A grande manifestação de alegria e de apoio aos militares teve lugar na tarde de 26 de Abril, com um grande desfile que percorreu as ruas de Torres Vedras, tendo muitos nessa noite ido para Peniche assistir à libertação dos presos  políticos , que só se concretizou na madrugada do dia 27.

“Em 26 de Abril quando ali na Avenida 5 de Outubro o Povo bom e simples de Torres Vedras dava largas à sua alegria verificou-se a sua maturidade, devoção e patriotismo.

“Maturidade que sempre foi negada por aqueles que nem sempre serviram com dignidade os seus postos. Antes pelo contrário deles se servindo para os seus interesses pessoais.

“Nem um vidro foi partido, nem um individuo foi maltratado, nem um único incidente se assinalou.

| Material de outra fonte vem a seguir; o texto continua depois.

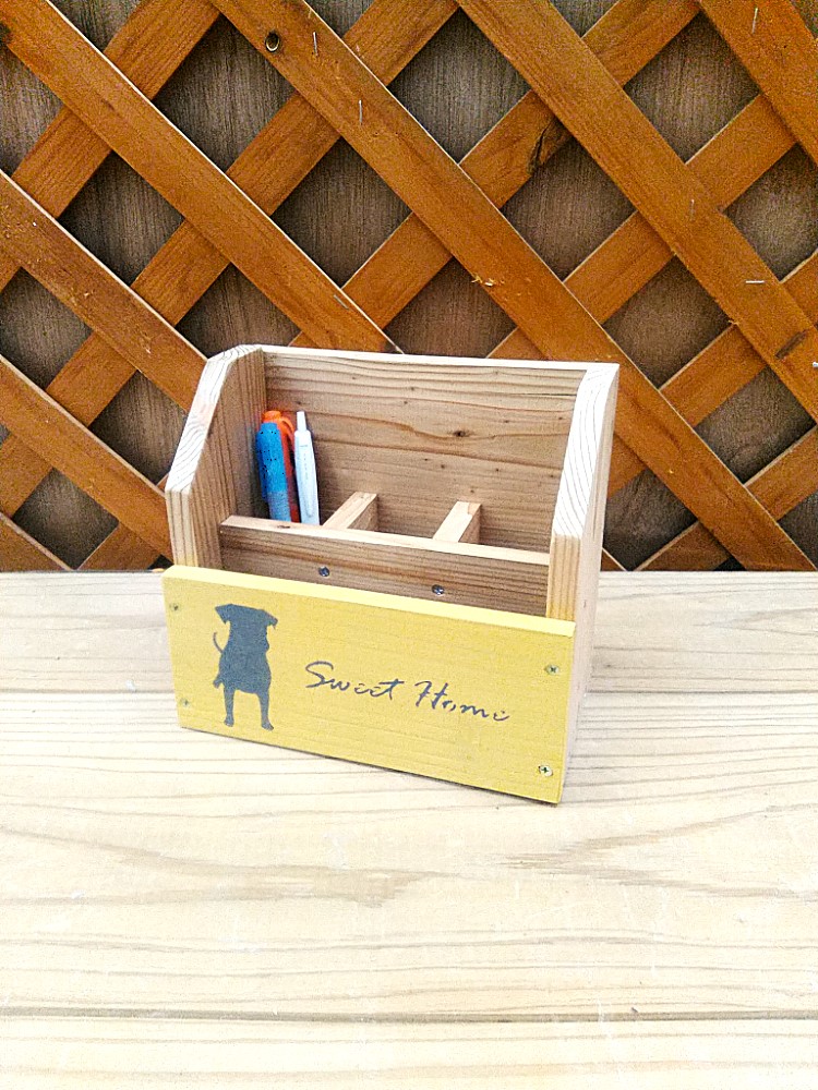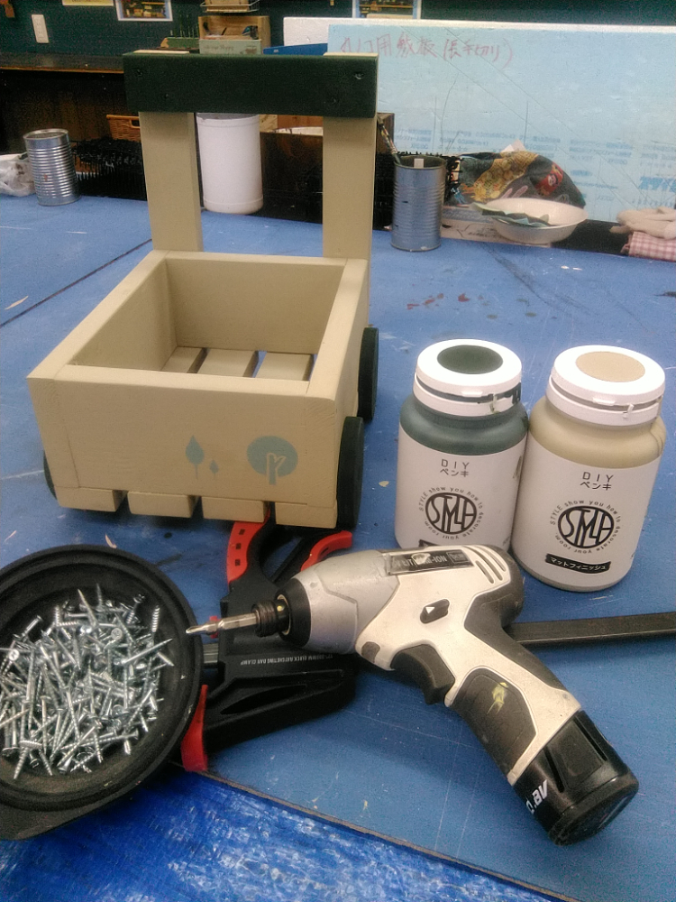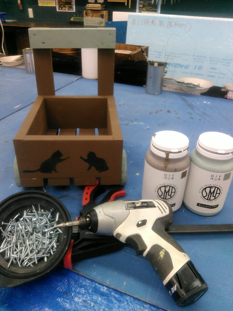 カット済みの木材を電動工具で組み立てます。水性塗料でペイントし、ステンシルで仕上げましょう。お花用のプランターとしてだけでなく、お子さまのおもちゃ箱としても使えます。カート型でかわいいので子供部屋にもピッタリです!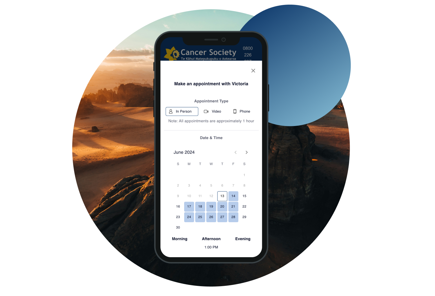 Select your preferred cancer navigator, and choose the way you'd like them to connect with you - in person, by video call or over the phone.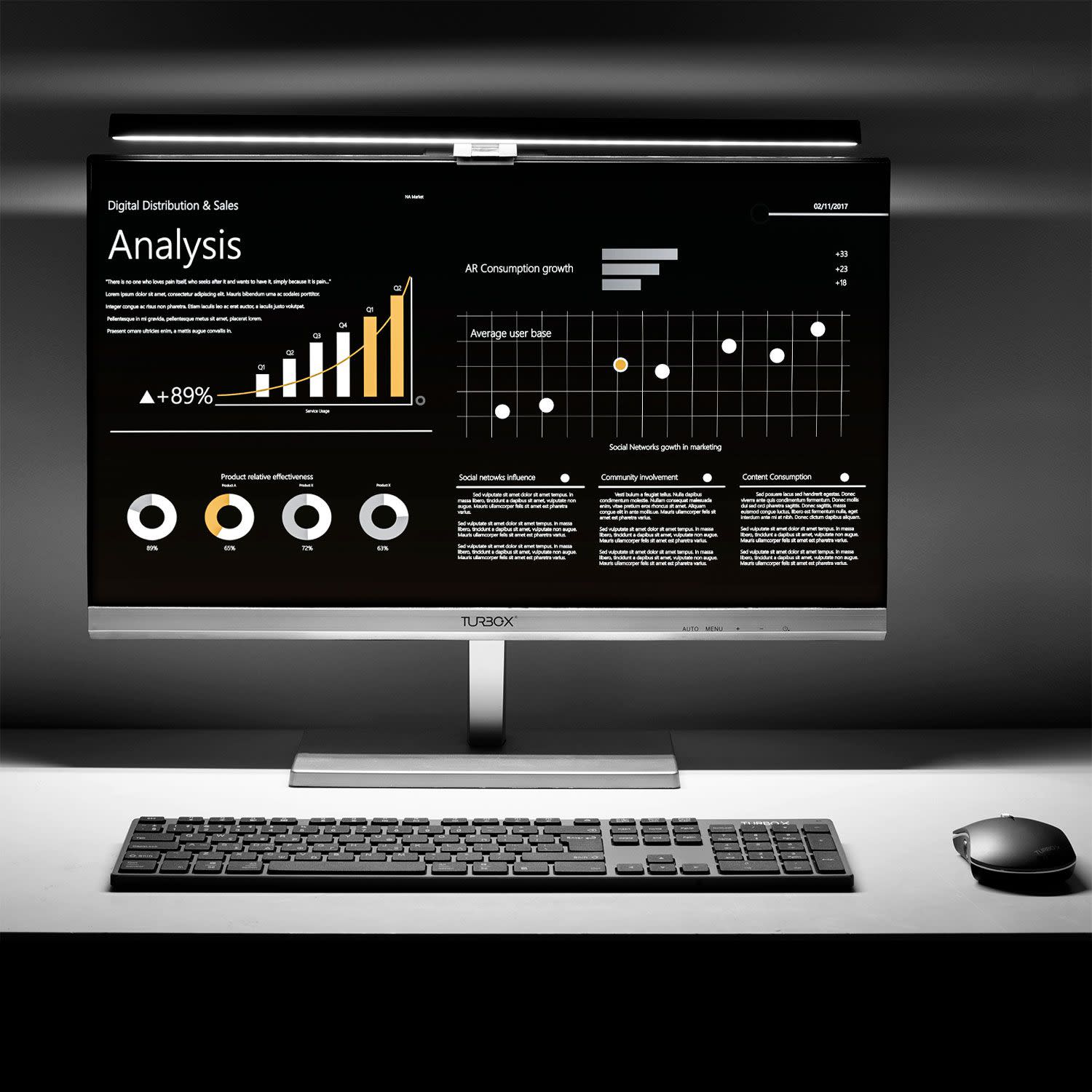 Σχεδιασμένο για όσους περνούν πολλές ώρες μπροστά σε μια οθόνη υπολογιστή, το εργονομικό Turbo-X Φωτιστικό Οθόνης LED προσφέρει σωστό φωτισμό για μειωμένη καταπόνηση των ματιών!

“Afinal o poder não caiu na rua!

“Vamos pois, agora, torrienses passada a onda de júbilo emocional que a todos nos avassalou assumir a nossa responsabilidade de homens autenticamente livres, na dignidade e na responsabilidade, esquecendo rancores, mas denunciando quanto possa contrariar a irreversível marcha da revolução do Movimento das Forças Armadas.

“Vamos viver finalmente com os olhos postos nos nossos filhos que são o teu próprio futuro – TORRES VEDRAS” (6). 


(Manifestação de 26 de Abril. Fotografias  de Ezequiel Santos)


Em 27 de Abril, três dos presos libertados foram recebidos em festa no Largo da Graça. Nesse mesmo dia uma força do MFA veio a Torres Vedras para ocupar as instalações da Legião Portuguesa, no edifício onde veio a funcionar a Creche do Povo (ao lado do Teatro-Cine), prender o “chefe” local da PIDE e desarmar a GNR.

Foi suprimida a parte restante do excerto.